On one topic, Minnesota House Democrats and Republicans agree: It's high time we made our state lawmakers take drug tests.

"Bring on the cup!" said state Rep. Duane Quam, R-Byron, during Monday night's debate on the drug testing provision. "I have nothing to fear."

The drug testing debate surfaced near the end of the endless debate on the House Heath and Human Services omnibus budget bill and its 87 proposed amendments.

When Rep. Steve Drazkowski, R-Mazeppa, introduced an amendment that would require drug tests for Minnesota welfare recipients, Rep. Tina Liebling, DFL-Rochester, countered with an amendment to the amendment. If welfare recipients had to pee in a cup before they could get a check from the state, she said, state lawmakers should have to do the same.

"You should be ashamed. You should really be ashamed to be using poor kids" to score political points, Liebling told Drazkowski during floor debate.

Blanket drug tests for lawmakers, she said, makes about as much sense as blanket testing of participants in the Minnesota Family Investment Program, or MFIP.

"There is no evidence that people who apply for MFIP use drugs at any higher rate than anybody else," she said. "Legislators should be tested. After all, we're giving public money and the public has an interest in making sure we're drug free and alcohol free."

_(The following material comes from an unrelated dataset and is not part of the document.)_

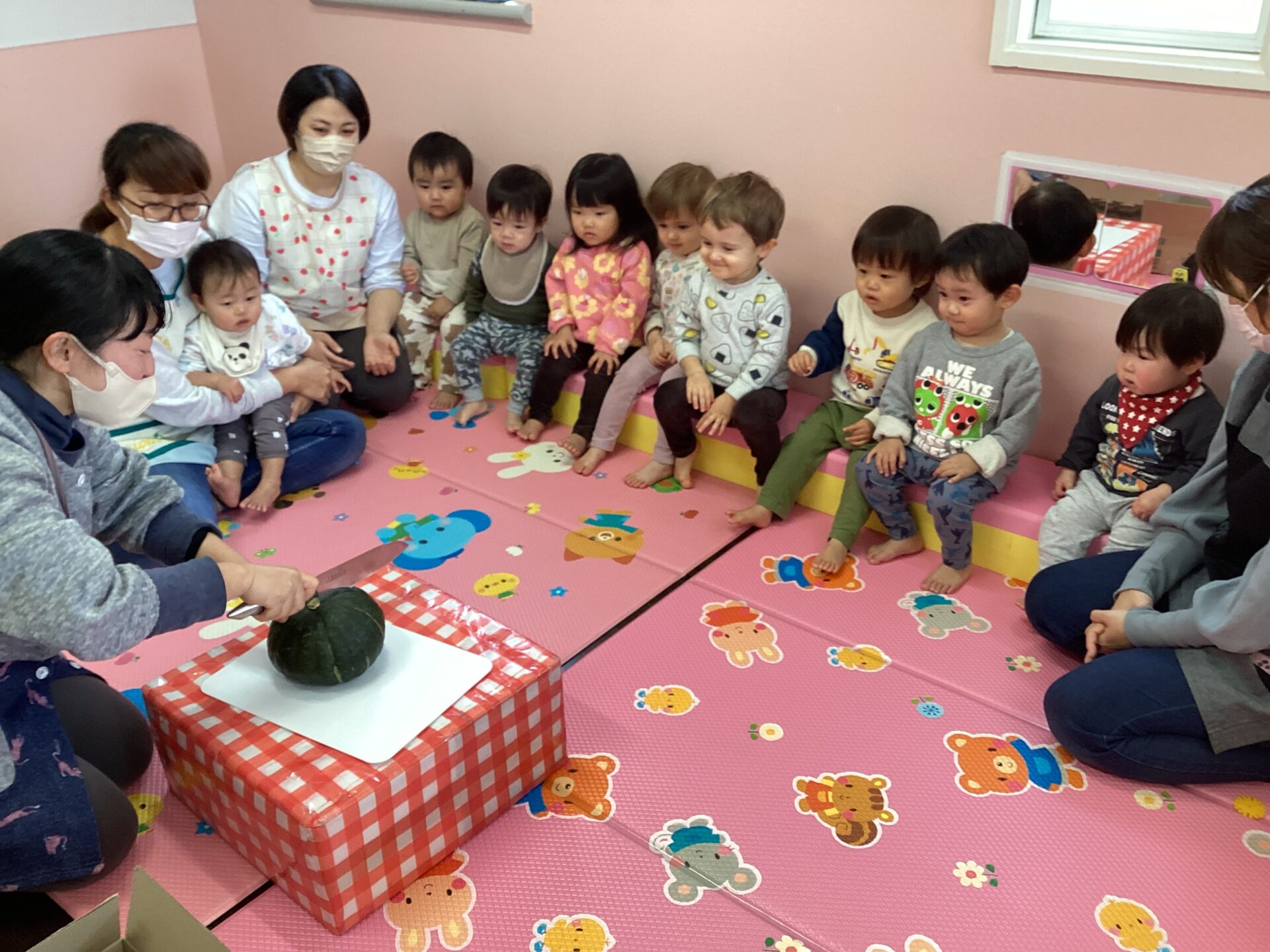 まだまだ寒い日が続きますが、すいか小規模保育園のみんなが寒い冬を元気いっぱい過ごせるように願いをこめた、楽しい冬至の活動でした。柚子をとても気に入って、お家に持って行き、柚子湯を楽しんでくれたお友だちもいました😊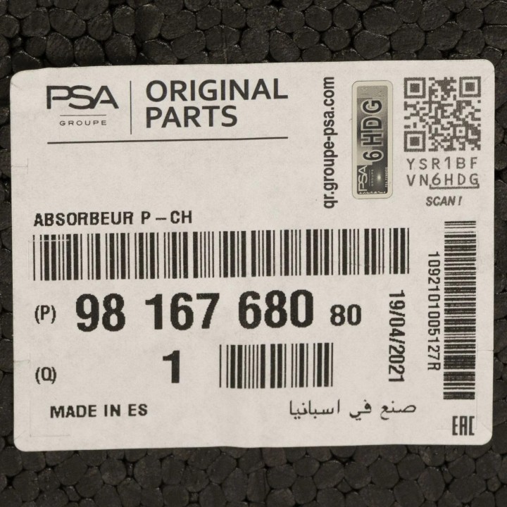 Absorbedor de parachoques delantero original Citroën DS REF 9816768080:

Drazkowski pointed out that eight other states already conduct some form of drug testing on welfare recipients. He said the tests would bring accountability to the system and help "break the cycle of addiction."

"The people for who we provide our numerous and generous welfare benefits [should] submit to random drug testing," he said. "Like the Minnesotans who earn the dollars that we extract from them, and turn around and use for various programs, including this MFIP program."

Florida, the first state to tie welfare benefits to drug tests, spent thousands of dollars on tests, ran into a snarl of court challenges to the law's constitutionality, and found that only 2 percent of the welfare population tested positive for drugs.

Liebling's amendment might have been ironic, but it won enthusiastic support from both sides of the aisle. Liebling's amendment to the amendment was adopted with the support of all but a dozen lawmakers, including House Speaker Paul Thissen. Drazkowski's amendment passed by a vote of 83-49.